BEGIN

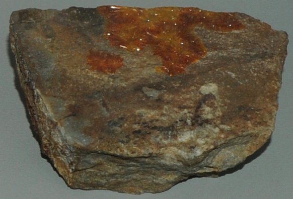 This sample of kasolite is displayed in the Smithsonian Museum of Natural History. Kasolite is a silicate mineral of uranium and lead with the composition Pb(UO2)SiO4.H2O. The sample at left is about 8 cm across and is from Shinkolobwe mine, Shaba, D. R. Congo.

END
BEGIN

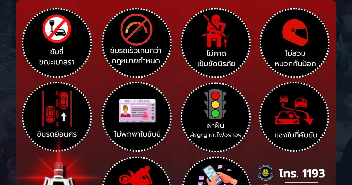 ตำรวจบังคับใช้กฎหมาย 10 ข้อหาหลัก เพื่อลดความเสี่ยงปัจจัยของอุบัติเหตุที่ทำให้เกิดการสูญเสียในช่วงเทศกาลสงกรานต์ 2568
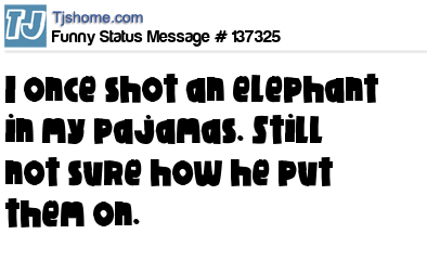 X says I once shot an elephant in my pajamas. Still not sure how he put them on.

END

→ Your objective
Beginning at the line above that contains "ตำรวจบังคับใช้กฎหมาย 10 ข้อหาหลัก" and going on through the line that contains "X says I once", please copy every line exactly, leaving the pictures out and adding nothing.

→ Final answer
 ตำรวจบังคับใช้กฎหมาย 10 ข้อหาหลัก เพื่อลดความเสี่ยงปัจจัยของอุบัติเหตุที่ทำให้เกิดการสูญเสียในช่วงเทศกาลสงกรานต์ 2568
 X says I once shot an elephant in my pajamas. Still not sure how he put them on.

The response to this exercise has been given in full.